**Required action:** A single stretch of the material below is to be transcribed exactly, starting at the line with "ブラウス トップス シャツ" and ending after the line with "バンドカラーがクレリックなので花柄の中でも首元にアクセントがきいています!".

**Supplied data:**
☆ ☆ ☆ ☆

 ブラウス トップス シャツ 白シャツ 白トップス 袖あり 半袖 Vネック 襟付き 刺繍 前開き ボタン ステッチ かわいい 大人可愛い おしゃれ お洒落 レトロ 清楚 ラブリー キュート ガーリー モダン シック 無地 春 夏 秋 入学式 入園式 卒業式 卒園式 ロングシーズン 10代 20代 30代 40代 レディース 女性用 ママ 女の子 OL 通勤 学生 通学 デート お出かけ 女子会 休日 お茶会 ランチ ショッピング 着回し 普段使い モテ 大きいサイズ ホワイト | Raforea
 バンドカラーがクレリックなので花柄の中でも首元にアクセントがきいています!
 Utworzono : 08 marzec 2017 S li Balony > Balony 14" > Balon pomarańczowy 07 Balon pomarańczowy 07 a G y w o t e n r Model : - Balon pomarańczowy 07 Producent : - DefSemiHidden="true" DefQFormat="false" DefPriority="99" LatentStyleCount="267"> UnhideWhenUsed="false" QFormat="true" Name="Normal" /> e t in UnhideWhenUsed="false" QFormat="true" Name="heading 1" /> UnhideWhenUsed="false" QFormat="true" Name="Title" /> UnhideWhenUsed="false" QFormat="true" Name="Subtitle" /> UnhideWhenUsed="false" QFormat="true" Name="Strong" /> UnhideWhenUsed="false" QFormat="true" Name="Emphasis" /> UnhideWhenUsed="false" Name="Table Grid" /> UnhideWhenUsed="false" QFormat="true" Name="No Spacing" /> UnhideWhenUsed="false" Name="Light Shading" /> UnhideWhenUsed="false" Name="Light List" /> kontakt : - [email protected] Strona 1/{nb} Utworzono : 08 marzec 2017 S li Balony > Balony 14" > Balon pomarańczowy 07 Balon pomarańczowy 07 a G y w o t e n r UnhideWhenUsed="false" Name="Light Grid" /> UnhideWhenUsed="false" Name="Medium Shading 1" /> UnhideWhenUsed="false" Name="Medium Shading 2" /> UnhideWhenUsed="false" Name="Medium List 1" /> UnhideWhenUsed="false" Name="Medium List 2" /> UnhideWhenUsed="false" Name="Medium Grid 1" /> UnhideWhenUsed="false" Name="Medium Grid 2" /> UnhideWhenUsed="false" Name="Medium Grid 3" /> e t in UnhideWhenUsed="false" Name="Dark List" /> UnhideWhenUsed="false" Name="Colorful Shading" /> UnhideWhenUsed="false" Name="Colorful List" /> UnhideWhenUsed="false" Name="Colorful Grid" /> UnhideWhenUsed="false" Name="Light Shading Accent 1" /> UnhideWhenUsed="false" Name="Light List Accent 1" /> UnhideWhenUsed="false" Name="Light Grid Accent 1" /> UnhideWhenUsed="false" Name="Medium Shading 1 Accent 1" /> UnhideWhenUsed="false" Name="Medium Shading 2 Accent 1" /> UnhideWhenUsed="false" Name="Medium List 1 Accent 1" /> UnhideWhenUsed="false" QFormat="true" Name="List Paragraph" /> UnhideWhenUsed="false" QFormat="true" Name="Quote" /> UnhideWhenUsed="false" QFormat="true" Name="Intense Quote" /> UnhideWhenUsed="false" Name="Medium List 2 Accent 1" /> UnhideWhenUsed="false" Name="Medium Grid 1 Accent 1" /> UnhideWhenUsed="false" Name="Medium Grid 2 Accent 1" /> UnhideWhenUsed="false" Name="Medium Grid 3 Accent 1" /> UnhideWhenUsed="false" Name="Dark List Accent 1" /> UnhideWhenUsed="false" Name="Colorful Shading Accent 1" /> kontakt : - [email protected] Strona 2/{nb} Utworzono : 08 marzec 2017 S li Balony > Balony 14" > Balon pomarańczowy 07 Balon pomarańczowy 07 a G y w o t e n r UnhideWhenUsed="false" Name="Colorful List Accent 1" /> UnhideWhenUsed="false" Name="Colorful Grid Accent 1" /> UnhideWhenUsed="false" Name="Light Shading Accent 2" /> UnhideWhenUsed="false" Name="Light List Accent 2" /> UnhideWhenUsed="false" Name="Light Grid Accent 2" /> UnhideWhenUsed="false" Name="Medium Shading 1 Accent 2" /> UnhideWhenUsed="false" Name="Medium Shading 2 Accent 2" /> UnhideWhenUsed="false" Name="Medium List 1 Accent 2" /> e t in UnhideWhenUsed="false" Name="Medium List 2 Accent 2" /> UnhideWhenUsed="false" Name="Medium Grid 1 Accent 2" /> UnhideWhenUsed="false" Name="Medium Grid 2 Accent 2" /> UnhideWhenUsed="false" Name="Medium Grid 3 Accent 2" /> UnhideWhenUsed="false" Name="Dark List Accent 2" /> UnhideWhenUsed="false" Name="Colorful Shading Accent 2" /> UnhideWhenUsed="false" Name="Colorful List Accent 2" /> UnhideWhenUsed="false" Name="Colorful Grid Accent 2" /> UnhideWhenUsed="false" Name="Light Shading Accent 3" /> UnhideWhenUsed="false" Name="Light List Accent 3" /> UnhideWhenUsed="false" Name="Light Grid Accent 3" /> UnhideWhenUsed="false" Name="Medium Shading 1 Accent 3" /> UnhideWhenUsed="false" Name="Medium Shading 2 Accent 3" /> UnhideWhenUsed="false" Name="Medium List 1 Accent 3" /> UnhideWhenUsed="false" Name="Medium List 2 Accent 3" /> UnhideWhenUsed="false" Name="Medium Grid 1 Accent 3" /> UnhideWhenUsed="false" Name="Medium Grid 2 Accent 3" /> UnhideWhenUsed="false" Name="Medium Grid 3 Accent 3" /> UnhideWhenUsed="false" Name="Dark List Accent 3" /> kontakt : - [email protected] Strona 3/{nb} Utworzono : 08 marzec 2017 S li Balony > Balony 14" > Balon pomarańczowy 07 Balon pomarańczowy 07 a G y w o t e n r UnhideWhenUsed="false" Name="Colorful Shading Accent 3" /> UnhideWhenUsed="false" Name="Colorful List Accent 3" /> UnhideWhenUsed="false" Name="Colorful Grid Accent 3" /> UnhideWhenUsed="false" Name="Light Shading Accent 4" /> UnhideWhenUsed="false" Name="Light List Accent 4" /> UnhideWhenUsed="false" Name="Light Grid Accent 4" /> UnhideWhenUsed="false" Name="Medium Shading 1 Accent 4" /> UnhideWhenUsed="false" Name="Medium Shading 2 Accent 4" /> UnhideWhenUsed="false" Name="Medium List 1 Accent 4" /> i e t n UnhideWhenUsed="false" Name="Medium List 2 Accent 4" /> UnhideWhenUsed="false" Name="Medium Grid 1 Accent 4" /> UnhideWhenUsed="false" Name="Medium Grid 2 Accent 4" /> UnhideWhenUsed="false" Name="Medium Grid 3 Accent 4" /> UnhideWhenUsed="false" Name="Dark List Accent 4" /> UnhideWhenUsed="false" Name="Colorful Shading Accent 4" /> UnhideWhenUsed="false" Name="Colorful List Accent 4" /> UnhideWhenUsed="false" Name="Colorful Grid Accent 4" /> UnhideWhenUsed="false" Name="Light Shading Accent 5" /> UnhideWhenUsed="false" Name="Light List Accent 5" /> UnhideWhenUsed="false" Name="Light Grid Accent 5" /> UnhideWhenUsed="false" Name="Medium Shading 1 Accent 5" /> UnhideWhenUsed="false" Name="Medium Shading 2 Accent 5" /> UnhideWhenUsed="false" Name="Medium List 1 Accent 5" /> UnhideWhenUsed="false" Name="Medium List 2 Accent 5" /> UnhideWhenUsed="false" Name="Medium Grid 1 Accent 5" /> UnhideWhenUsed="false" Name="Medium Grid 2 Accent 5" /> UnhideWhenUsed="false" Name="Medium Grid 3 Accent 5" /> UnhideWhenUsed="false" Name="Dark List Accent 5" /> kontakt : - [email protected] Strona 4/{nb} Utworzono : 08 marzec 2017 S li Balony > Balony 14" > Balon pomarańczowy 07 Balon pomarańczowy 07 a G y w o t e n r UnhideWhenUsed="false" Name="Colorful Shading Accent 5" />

☆ ☆ ☆ ☆

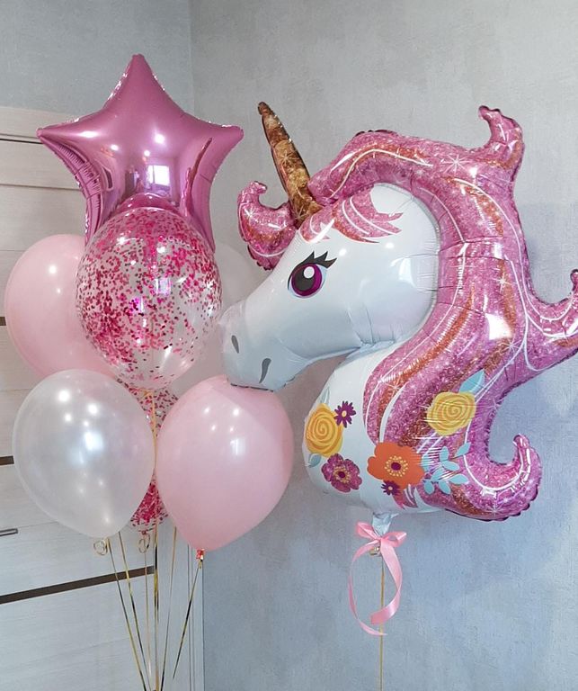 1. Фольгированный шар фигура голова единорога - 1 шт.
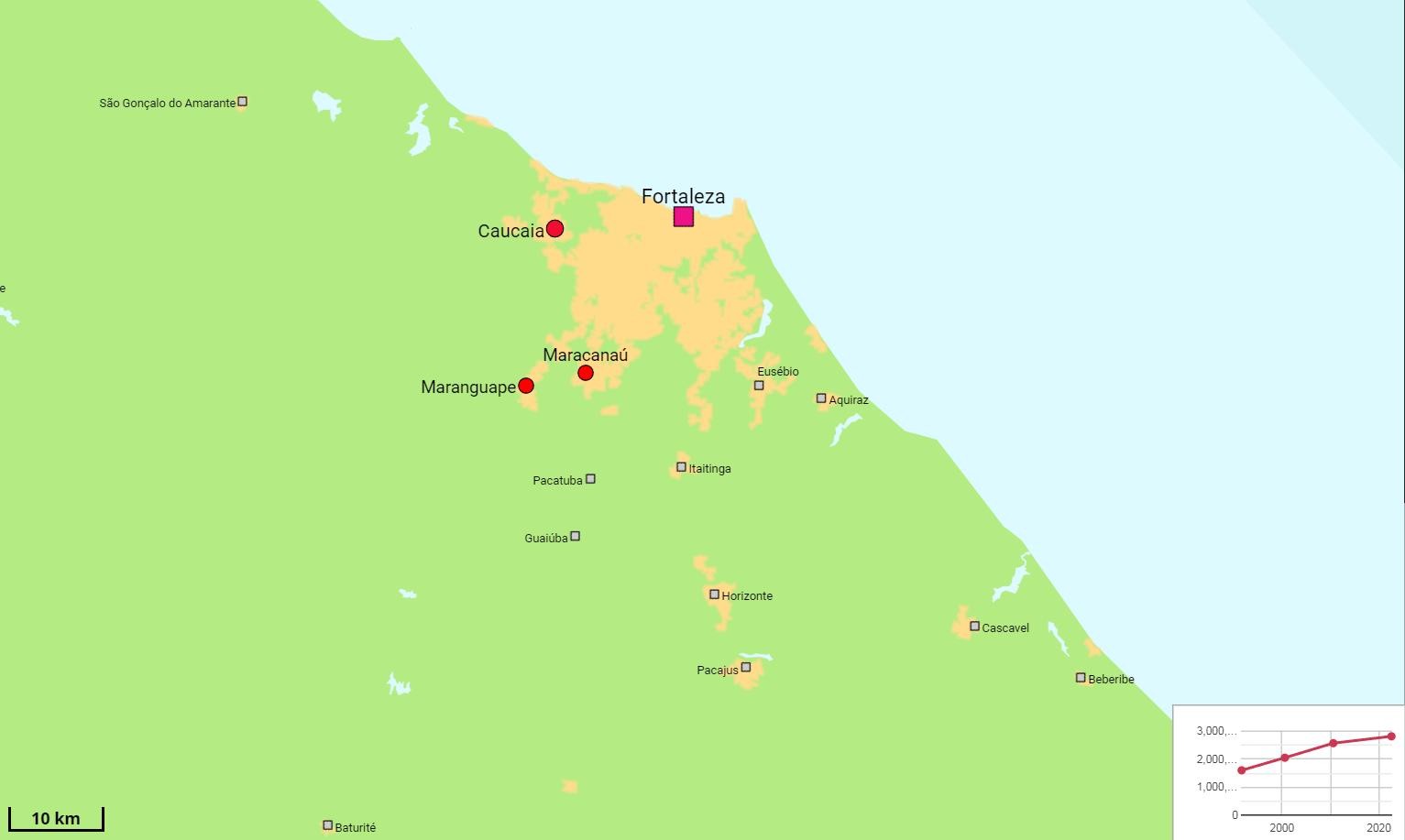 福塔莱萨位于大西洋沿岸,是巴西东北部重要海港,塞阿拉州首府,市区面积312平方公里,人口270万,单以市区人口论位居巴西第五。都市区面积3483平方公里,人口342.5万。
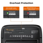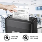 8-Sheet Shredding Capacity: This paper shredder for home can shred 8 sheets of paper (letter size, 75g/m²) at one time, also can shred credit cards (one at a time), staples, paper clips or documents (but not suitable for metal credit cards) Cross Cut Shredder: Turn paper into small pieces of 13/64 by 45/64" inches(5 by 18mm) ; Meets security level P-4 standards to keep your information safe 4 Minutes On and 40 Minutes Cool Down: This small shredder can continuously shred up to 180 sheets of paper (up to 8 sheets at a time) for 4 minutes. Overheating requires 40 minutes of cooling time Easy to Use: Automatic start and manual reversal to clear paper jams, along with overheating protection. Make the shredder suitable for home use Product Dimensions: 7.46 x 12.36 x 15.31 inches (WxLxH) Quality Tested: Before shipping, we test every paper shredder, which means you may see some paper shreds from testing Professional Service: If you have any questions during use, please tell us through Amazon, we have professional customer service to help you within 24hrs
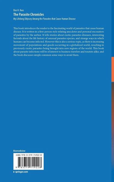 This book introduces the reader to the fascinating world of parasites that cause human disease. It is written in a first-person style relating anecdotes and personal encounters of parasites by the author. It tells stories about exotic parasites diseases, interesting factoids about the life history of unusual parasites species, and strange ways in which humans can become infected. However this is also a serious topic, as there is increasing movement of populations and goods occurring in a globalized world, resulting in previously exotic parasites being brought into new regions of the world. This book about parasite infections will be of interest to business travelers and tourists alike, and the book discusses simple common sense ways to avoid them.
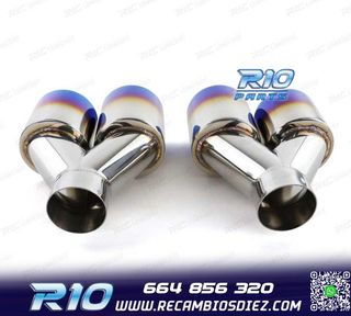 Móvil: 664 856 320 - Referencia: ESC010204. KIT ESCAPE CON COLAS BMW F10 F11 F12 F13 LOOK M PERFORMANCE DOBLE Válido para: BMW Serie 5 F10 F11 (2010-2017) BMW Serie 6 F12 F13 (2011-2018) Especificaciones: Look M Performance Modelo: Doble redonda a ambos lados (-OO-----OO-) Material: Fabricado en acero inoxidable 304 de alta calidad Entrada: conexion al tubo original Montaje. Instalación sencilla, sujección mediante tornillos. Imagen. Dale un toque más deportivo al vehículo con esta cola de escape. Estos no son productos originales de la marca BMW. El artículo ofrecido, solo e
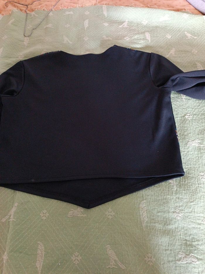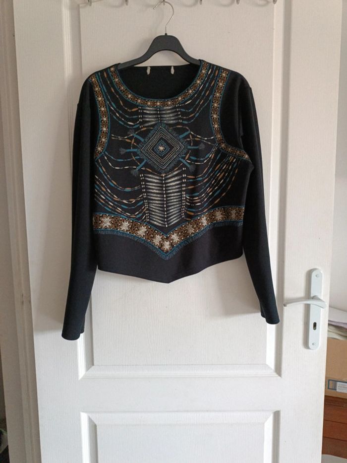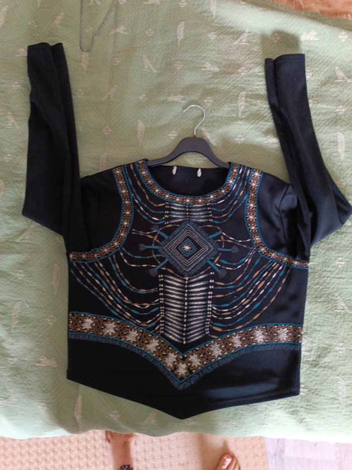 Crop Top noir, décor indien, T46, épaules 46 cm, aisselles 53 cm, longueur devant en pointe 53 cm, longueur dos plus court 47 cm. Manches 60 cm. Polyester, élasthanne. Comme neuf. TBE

☆ ☆ ☆ ☆

**Answer below:**
 ブラウス トップス シャツ 白シャツ 白トップス 袖あり 半袖 Vネック 襟付き 刺繍 前開き ボタン ステッチ かわいい 大人可愛い おしゃれ お洒落 レトロ 清楚 ラブリー キュート ガーリー モダン シック 無地 春 夏 秋 入学式 入園式 卒業式 卒園式 ロングシーズン 10代 20代 30代 40代 レディース 女性用 ママ 女の子 OL 通勤 学生 通学 デート お出かけ 女子会 休日 お茶会 ランチ ショッピング 着回し 普段使い モテ 大きいサイズ ホワイト | Raforea
 バンドカラーがクレリックなので花柄の中でも首元にアクセントがきいています!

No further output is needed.